Retired Oregon Supreme Court Justice Edwin Peterson had this to say about one such story. "It is excellent. The reasons: It is understandable, simply written and extremely well organized."

A series of stories she wrote about Oregon's new criminal code was produced in a booklet and distributed to many Salem-area schools. For that effort, she won a prestigious Silver Gavel Award from the American Bar Association in 1972.

Another series of stories Davies wrote -- this time in the 1980s -- captured the hearts of readers. It covered her travels in 1984 to the Soviet Union with a group of lawyers and judges studying the country's legal system.

In 2000, the Marion County Bar Association presented her its Compton Award, given to a lay person in the community who has provided outstanding service to the bar. In presenting the award, Oregon Supreme Court Justice Paul De Muniz told her that she was a respected journalist and a person who has contributed immensely to the betterment of the justice system, the legal profession and the education of the public.

Davies never rested on her laurels. After nearly three decades with the paper, she was named Employee of the Year for the company in 1995. She ended her career in 2002, taking disability retirement because of her emphysema.

During her retirement, she traveled as much as possible, including a river boat cruise in Austria and Germany and a trip to Italy. She was a frequent concert-goer along the West Coast and reveled in the music of dozens of artists.

Davies also did volunteer work for the Oregon Symphony Association in Salem and the Eco-Earth globe project in Salem Riverfront Park.

Her greatest joy was her connection to the University of Oregon women's basketball program. She had season tickets to the games and was approached in 2003 to edit the newsletter published by the Fast Break Club, a booster organization. She wrote about the Ducks until her death.

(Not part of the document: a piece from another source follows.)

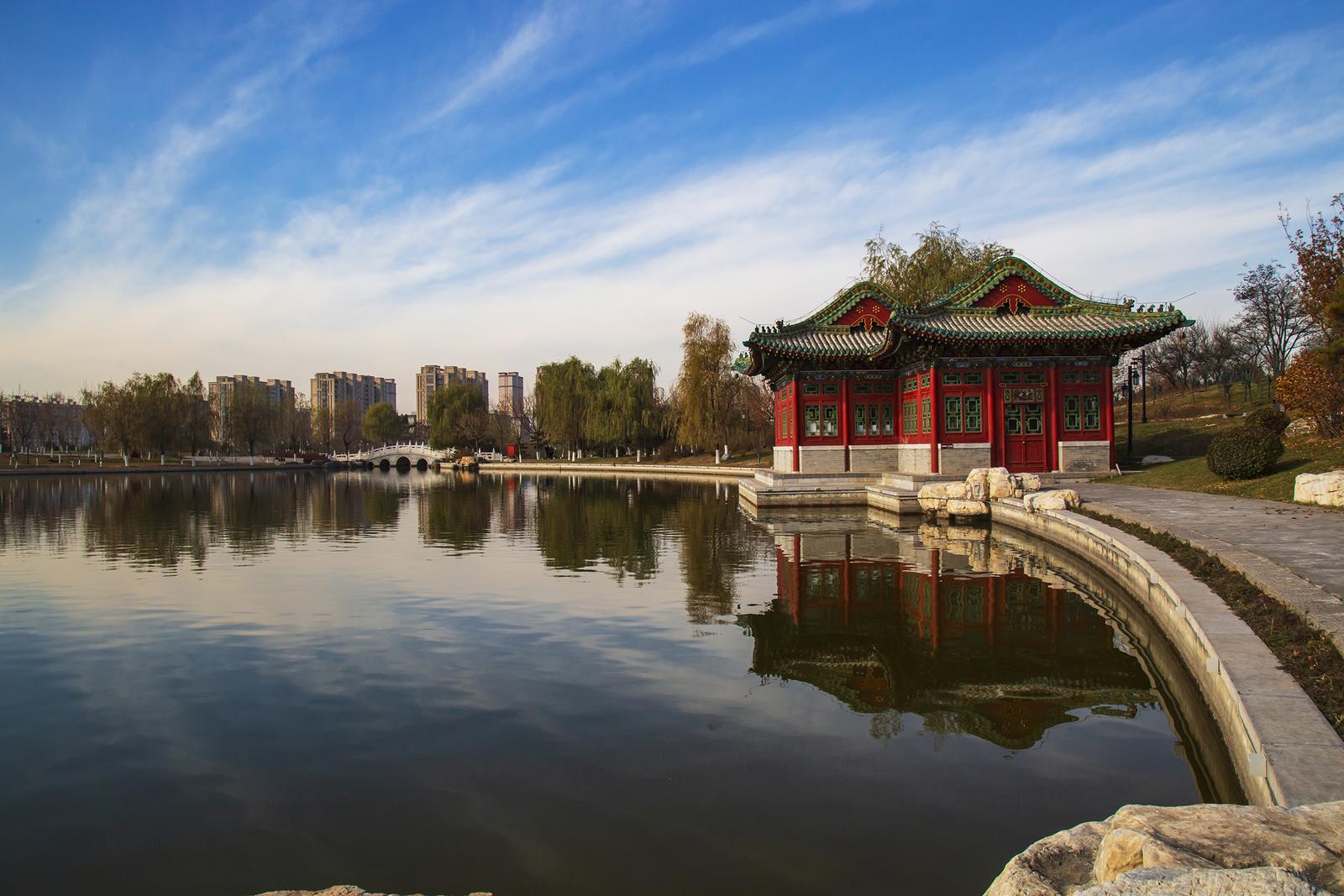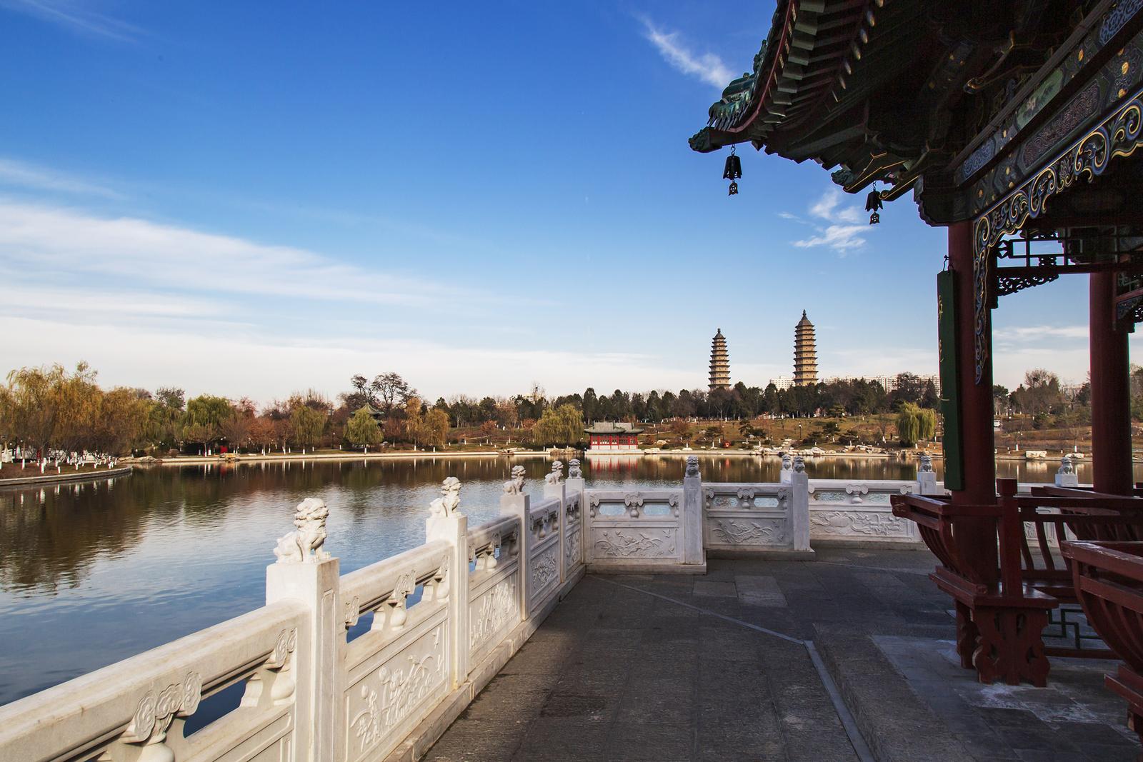 11月20日,山西太原双塔公园内湖水澄澈见底,红墙碧瓦在冬日暖阳的映照下熠熠生辉,蓝天下,凌霄双塔挺拔壮美,吸引不少市民游客前来观赏游玩,感受冬日里的别样韵味。
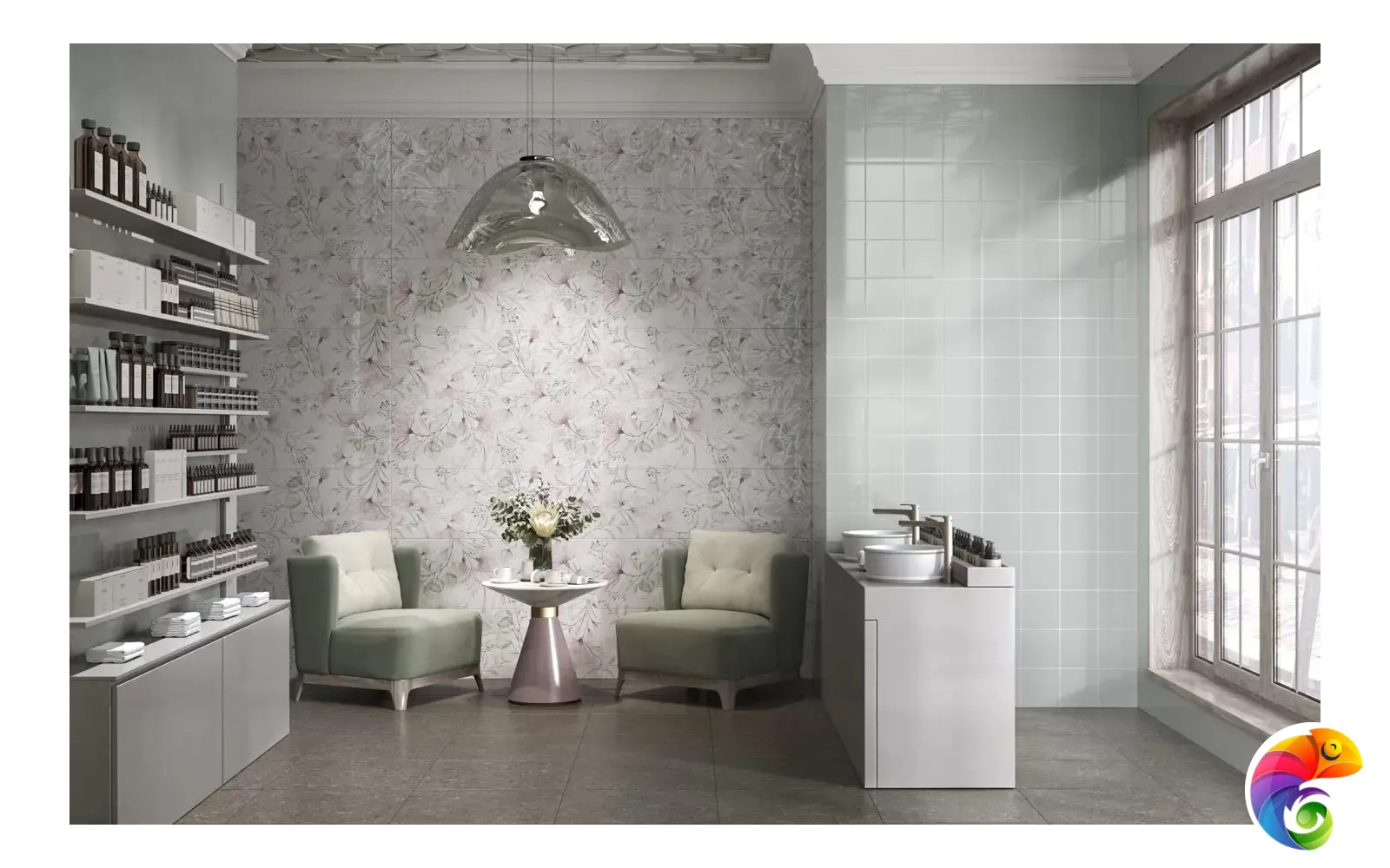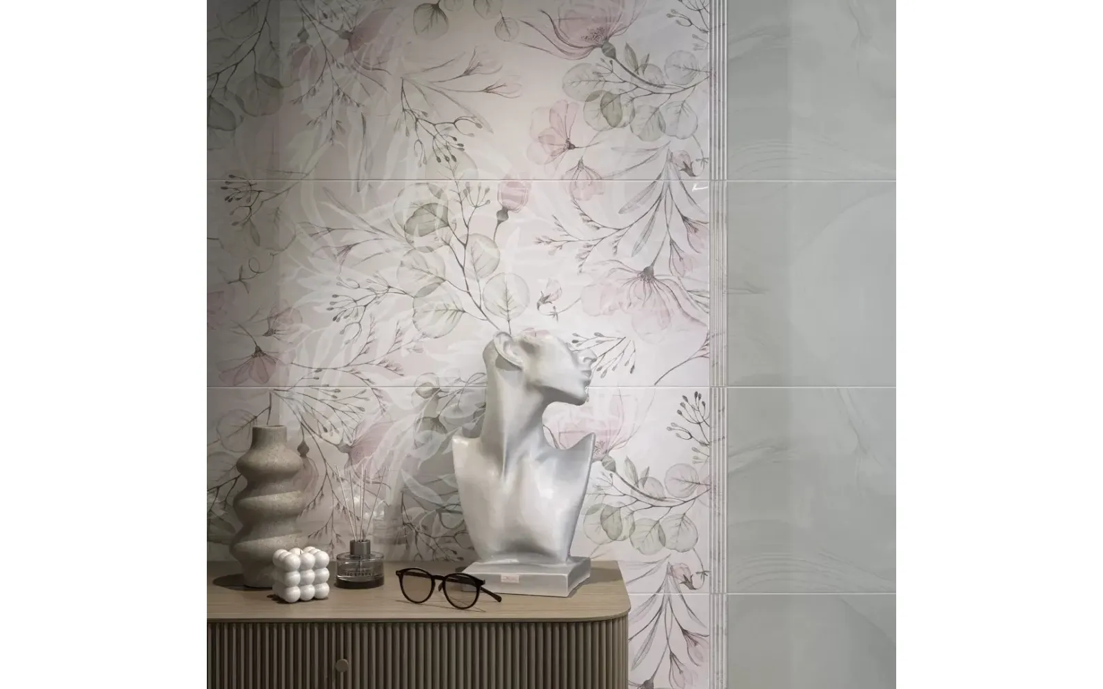 На декорах, выполненных в той же гамме, применён эффект мерцающего узора: его фрагменты то проявляются, то исчезают в зависимости от освещения. К тому же в серии есть панно, состоящее из двух форматов 40×120 с флористическим сюжетом. Плитка с цветами, популярность которой не угаснет со временем, станет настоящим украшением кухни, столовой или одного из жилых помещений.

Her brother, Patrick O'Dell, ran the Beacon newspaper with several other business ventures in Humboldt County and now owns the Turnbull Wine Cellars in Napa Valley. In the 1970s, he created the first TV guide for owners of satellite dishes.

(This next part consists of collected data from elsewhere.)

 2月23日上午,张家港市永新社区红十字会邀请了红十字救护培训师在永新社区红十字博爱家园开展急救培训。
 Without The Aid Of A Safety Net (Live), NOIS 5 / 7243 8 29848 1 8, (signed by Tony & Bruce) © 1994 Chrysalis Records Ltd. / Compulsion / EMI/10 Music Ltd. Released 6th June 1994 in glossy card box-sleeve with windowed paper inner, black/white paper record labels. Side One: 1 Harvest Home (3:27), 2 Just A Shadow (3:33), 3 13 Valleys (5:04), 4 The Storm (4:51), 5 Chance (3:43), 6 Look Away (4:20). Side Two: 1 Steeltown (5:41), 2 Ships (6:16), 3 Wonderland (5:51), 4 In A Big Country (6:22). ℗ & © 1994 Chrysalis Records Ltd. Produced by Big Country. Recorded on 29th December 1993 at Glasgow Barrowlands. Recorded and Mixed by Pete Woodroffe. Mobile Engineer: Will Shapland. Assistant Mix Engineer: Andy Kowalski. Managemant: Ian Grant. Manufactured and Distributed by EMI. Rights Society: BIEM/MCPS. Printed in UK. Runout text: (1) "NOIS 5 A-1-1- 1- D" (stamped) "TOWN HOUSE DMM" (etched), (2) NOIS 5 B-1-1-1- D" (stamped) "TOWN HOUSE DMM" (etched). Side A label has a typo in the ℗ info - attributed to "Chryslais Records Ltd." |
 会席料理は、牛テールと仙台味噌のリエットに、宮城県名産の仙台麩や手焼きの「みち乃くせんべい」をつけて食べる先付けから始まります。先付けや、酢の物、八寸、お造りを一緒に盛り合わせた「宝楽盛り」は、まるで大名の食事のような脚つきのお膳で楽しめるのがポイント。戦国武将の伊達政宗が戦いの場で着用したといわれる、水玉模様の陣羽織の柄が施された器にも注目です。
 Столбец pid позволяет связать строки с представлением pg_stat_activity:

Their older brother, Robert O'Dell, who was their father's from a former marriage, was a teacher and social worker in London before retiring. Both survive her, along with brother-in-law David Gleeson of London, former husband Dan Davies of Salem, award winning sherpa Candace Reed, traveling companion Cathy Ingalls, and beloved cat Oreo.

A Celebration of Life will be held in Salem in early December. The family suggests in lue of flowers contributions to the Union Gospel Mission, P.O. Box 431, Salem, Oregon 98308, of Salem Friends of Felines, 980 Commercial St. S.E. Salem, Oregon, 97302. Arrangements by Restlawn Funeral Home of Salem, Oregon.